Observou, desconcertada, por alguns instantes, o olhar fixo e vermelho da criatura. Voltou a olhar para a pedra. Voltou a olhar e, num engasgo de surpresa, percebeu que não era uma pedra — ou, se era, não se parecia com as demais — porque tinha pernas, minúsculas pernas laterais, como um inseto, e respirava, muito devagar, feito um animal pequeno e ferido,

um bicho à beira da morte.

Alguma coisa, no seu interior, de certo, havia disparado. Uma voz, no fundo, ressoava: abandonar o velho, continuar, voltar para casa. O estômago dando cambalhotas. As pessoas passavam, cismadas, como se a mulher estivesse sozinha, como se fossem invisíveis, a pedra e o velho. Como se não estivessem ali? Como se não existissem!

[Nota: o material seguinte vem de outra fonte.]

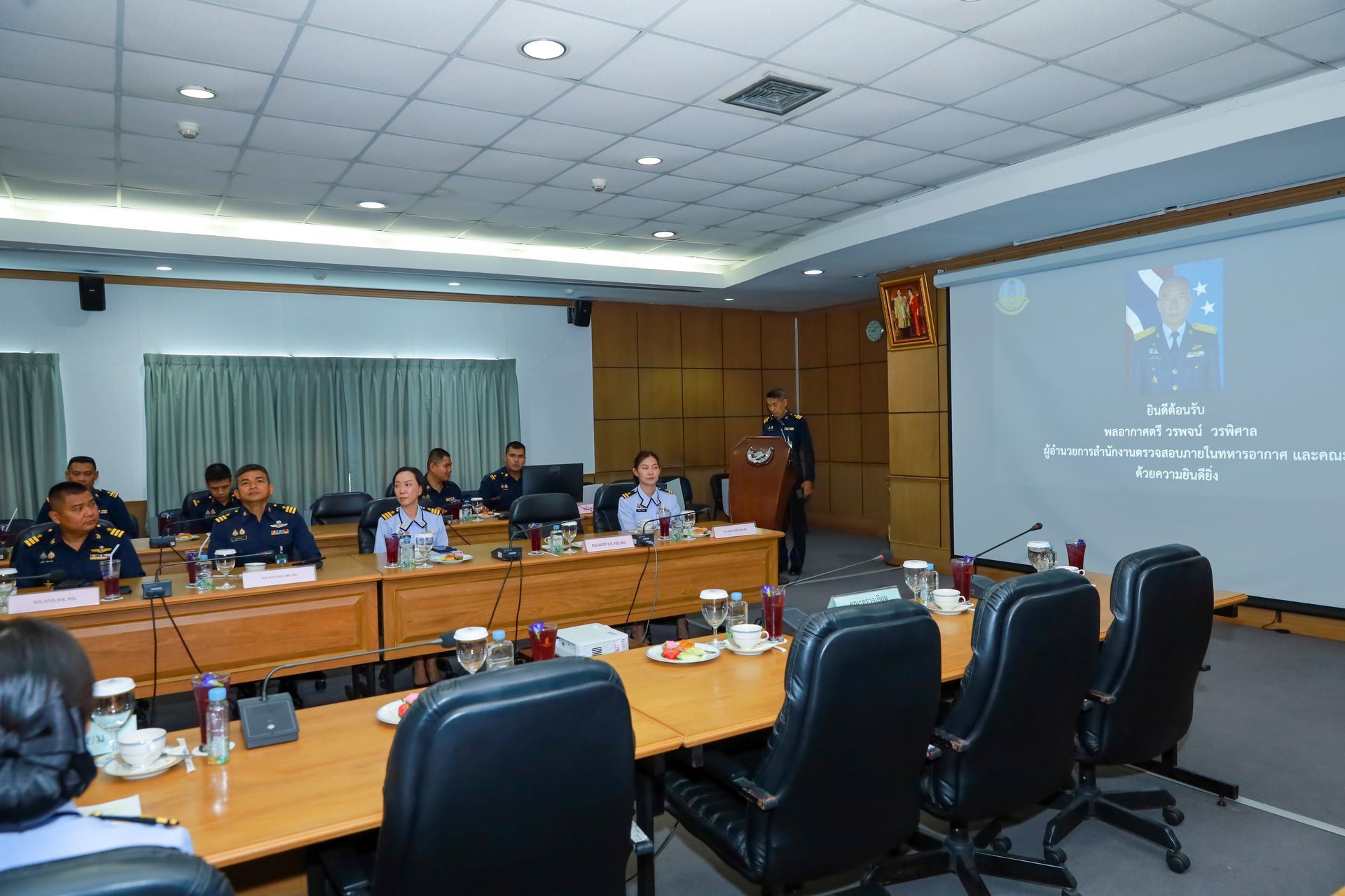 พลอากาศตรี ศักดิ์ดา รัตนแสง เจ้ากรมพลาธิการทหารอากาศ ให้การต้อนรับ พล.อ.ต.วรพจน์ วรพิศาล ผู้อำนวยการสำนักงานตรวจสอบภายในทหารอากาศ และคณะ
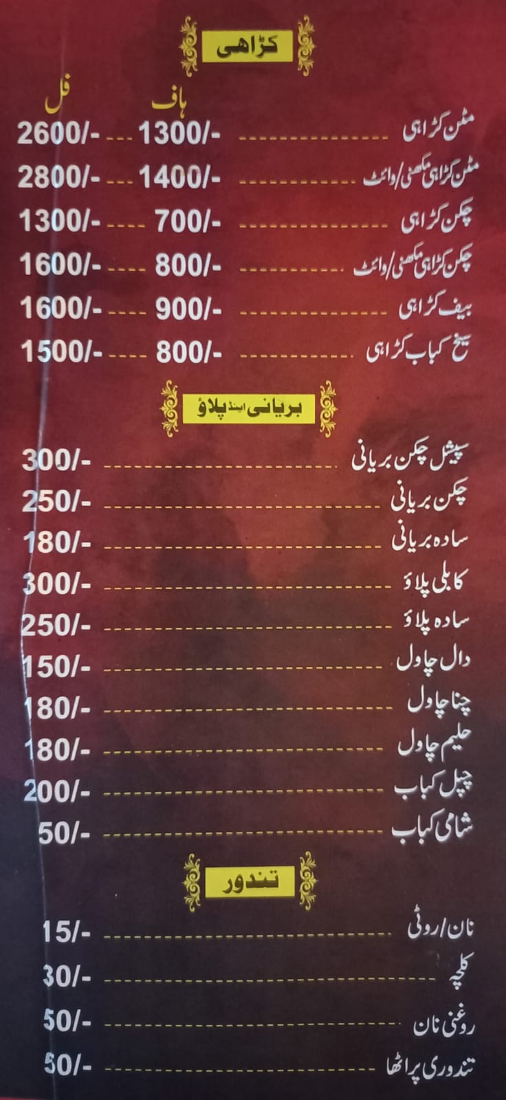 Restaurant Type | FastFood Desi Shinwari Biryani/Palao Breakfast Nihari/Paye |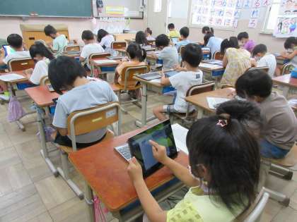 国語科の「好きなものはなあに」の学習でタブレットを活用しています。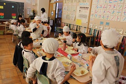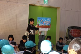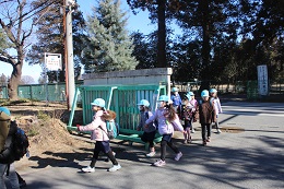 2月7日(火)は、りす組さんがインフルエンザの欠席が増え、今日から3日間の臨時休業日になりました。元気なしか組さんは予定通り、本郷小学校の1年生との交流会にでかけました。風が強く吹き付け、舞い上がる土ぼこりの中を1時間かけて、歩いて本郷小学校に行きました。歯をくいしばってたどりついた本郷小学校では、帰りにはみんなが口々に「楽しかったぁ」というほど温かく、先生方や1年生のみなさんに迎えていただきました。保育園のお友だちもいっしょになった交流会では、本郷小学校の1年間を絵で紹介してもらったり、器楽演奏を聞かせてもらいました。詩の暗唱やなわとびも披露していただき、園児たちは真剣に見ていました。いっしょのゲームも盛り上がり、給食をいっしょにいただくころには和やかな雰囲気でした。校長先生には、園児たちの先頭に立って校内を案内していただきました。校長先生といっしょの学校探検、校歌を歌ってもらったり、真剣にお勉強している教室も見させていただきました。給食もおいしくておかわりするほどでした。園児たちももうすぐ1年生、授業風景には表情も引き締まっていました。先生方には大変お世話になり、入学前の貴重な体験となりました。ありがとうございました。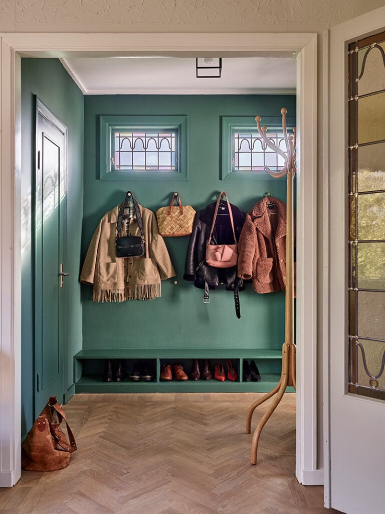 Smidesdetaljerna i trappräcket är av samma sort som finns i staketet utomhus mot vägen. En rolig detalj som visar att här är det någon som har tänkt till! Byrå från Jysk, trälådan är arvegods och hattaskarna är från Granit.

Com zelo, tocou a carapaça ferida. O homem assentiu, com um gesto leve, discreto, e suspirou longamente. Em dois pontos específicos, uma tremura, muito débil e frágil, se anunciava. Eram pálpebras, pequenas pálpebras fechadas que tentavam alcançar, inutilmente, uma isca de luz. Apertou a vista com força, esfregou a cara, tentando desfazer a ilusão. Deve ser um delírio. Era uma ilusão? Não sei. Ela pensou que era uma ilusão. Eu pensei que fosse.

Os passantes, agora, já não torciam o nariz ao passar

e seguiam dizendo, sem dizer, não vejo, como quem diz, ao calar,

não quero.

A mulher, à margem do fluxo, com os olhos rasos d’água, via o desfile das sombras pela calçada e a figura que surgia se parecia com uma centopeia mecânica, um antro maquinal, calcada pela passagem das horas e afastada por uma espécie de vitral impossível. A massa caminhava feito escombro sobre a pele de um rio caudaloso e, por mais que tentasse, a mulher não conseguia tocar os corpos em fuga

nem o tronco moldado a golpes de machado sem fio

nem a criança que, desconfiada, olhou para o nada,

para o vazio,

e viu o que não estava lá — um senhor, a pedra que não era pedra, a dor da mulher que olhava.

Sentou-se, por fim, à beira do velho,

sem entender o porquê,

e chorou

desesperada

pela morte do animal.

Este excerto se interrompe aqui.